[Your instructions] With the pictures left out, write out exactly the lines of the listing below that run from the line with "ManoManoGeneral description Sit" through the line with "Blouse en tissu".

[Input material]
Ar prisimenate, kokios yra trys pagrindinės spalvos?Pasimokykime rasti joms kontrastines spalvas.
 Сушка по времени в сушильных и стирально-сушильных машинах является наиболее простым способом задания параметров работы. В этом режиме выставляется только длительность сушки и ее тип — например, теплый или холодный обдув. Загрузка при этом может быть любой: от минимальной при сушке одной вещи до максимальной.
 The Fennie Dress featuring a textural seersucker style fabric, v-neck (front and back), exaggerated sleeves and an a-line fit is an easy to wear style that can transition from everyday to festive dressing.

--

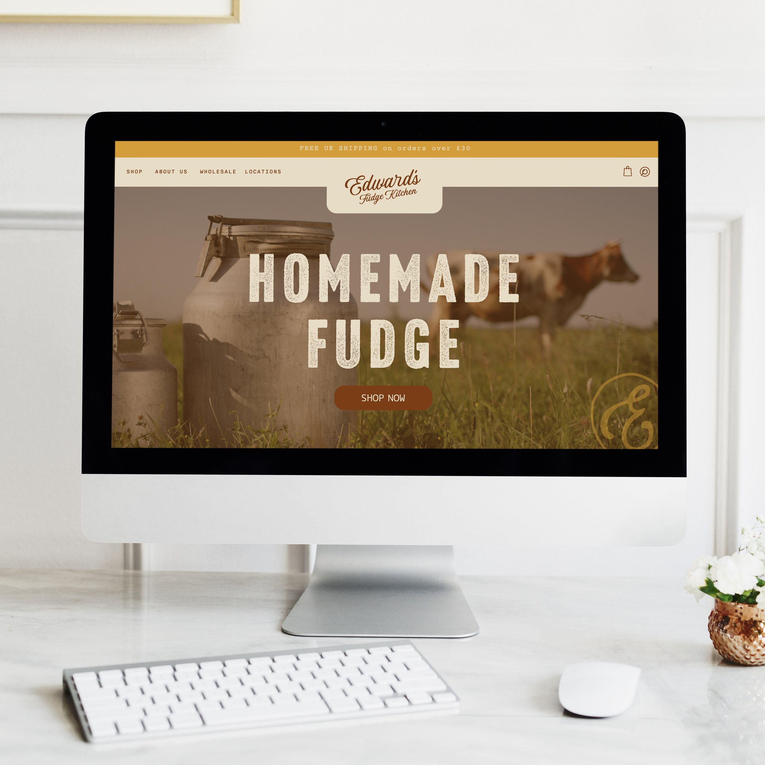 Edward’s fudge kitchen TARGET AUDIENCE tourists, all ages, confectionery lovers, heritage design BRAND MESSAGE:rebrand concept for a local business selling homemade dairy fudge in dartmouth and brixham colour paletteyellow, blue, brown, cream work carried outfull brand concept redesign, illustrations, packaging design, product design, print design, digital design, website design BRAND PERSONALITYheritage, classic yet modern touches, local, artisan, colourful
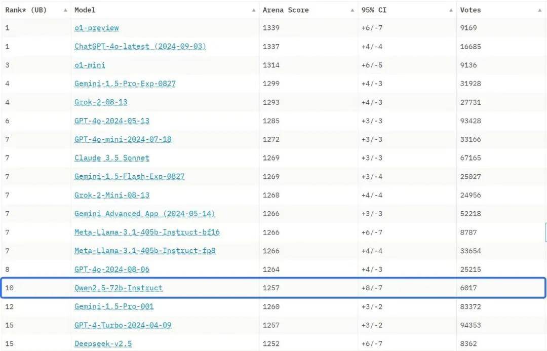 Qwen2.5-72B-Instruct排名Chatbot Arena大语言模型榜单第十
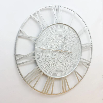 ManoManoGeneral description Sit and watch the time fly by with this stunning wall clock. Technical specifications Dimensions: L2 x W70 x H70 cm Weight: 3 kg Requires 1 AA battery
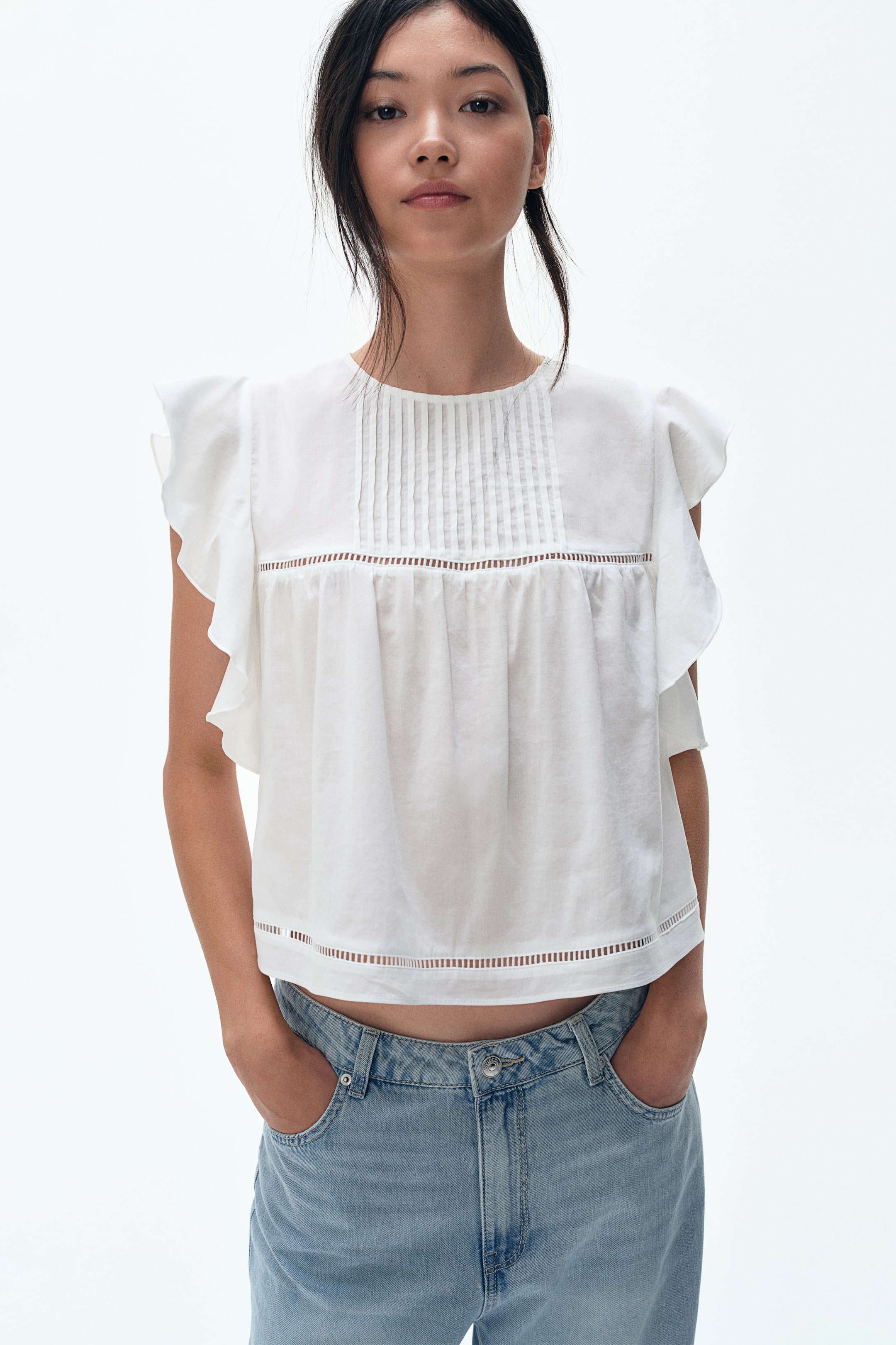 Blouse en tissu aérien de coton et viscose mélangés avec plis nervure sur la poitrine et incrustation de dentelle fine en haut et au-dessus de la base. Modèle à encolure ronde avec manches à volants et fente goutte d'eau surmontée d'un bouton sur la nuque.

[Output for this exercise]
 ManoManoGeneral description Sit and watch the time fly by with this stunning wall clock. Technical specifications Dimensions: L2 x W70 x H70 cm Weight: 3 kg Requires 1 AA battery
 Blouse en tissu aérien de coton et viscose mélangés avec plis nervure sur la poitrine et incrustation de dentelle fine en haut et au-dessus de la base. Modèle à encolure ronde avec manches à volants et fente goutte d'eau surmontée d'un bouton sur la nuque.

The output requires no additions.